Nigeria’s ballroom culture is rekindled by young gay men

For Sulieman *, a 21-year-old non-binary person living in Kaduna, Nigeria, Pose was the best thing they had ever seen on television. “The plot was sad, but in the midst of all their struggles and sorrows, you could see that they were part of a larger community. And in their darkest moments, they looked to each other for support, ”they said. “You could see how free and alive they were at balls. I also wanted to feel that freedom, to feel like I was part of something bigger than me.”

For gays around the world, see LGBTQ people celebrating onscreen in Pose was revolutionary. The show depicts a fictional version of the queer New York City culture of the BIPOC-run ballroom that flourished in the 1980s. Drag balls have been around in America since the 1800s, but became more popular in the 1980s. and 90. At balls, individuals or “houses” compete in different categories, dressing in drag and vogueing. Sulieman longs for a similar scene in Nigeria, where being gay is illegal. It turns out that this scene does exist.

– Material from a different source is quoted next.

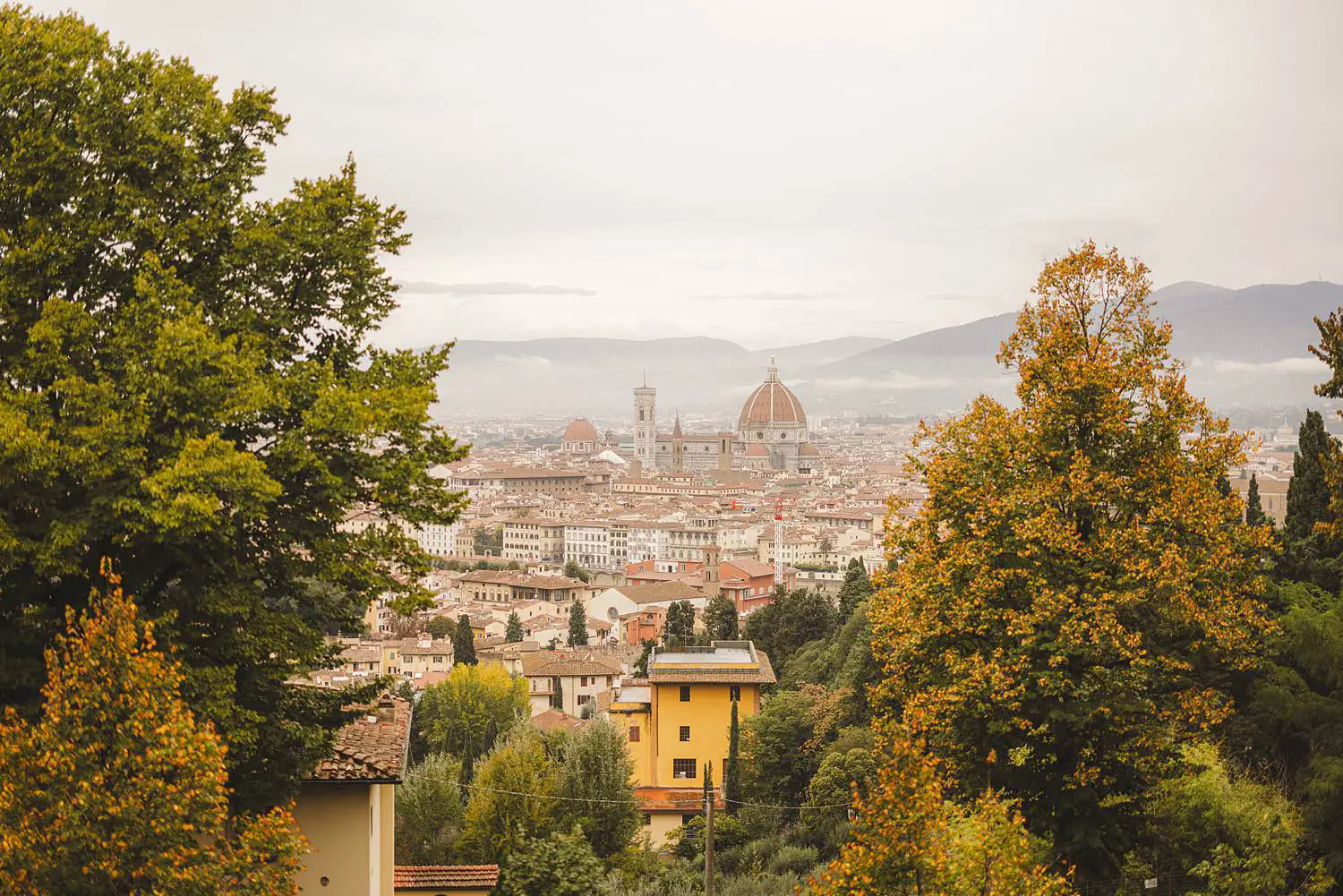 The location was the breathtaking terrace of San Miniato al Monte, one of the most beautiful panoramic viewpoints in Florence. From this hilltop terrace, the entire city unfolds below, with the iconic dome of the Duomo rising above the historic skyline.
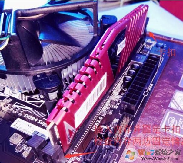 對準插入內(nèi)存條并下壓,并檢查內(nèi)存條兩邊的卡扣固定情況,一定要到位,并且扣住!

Nigeria is one of many African countries that operate around legal traditions and Christian doctrines imported and applied by British colonial administrators. In Nigeria, the “public spectacle of [a] same-sex romantic relationship ”is a felony punishable by imprisonment for up to 14 years. It is also a crime to dress in clothing that is generally not associated with one’s supposed gender. Due to Nigeria’s complicated relationship with colonial laws, homophobia and transphobia often go unchallenged, leaving the misconception that homosexuality is against our culture. This continued oppression required a world where members of the queer community could be together, make sense of their identities, and experience the freedom and nonconformity that came with it – this is where the secretive ballroom culture. of Nigeria, an underworld where queer people can freely be themselves as in Pose, Between.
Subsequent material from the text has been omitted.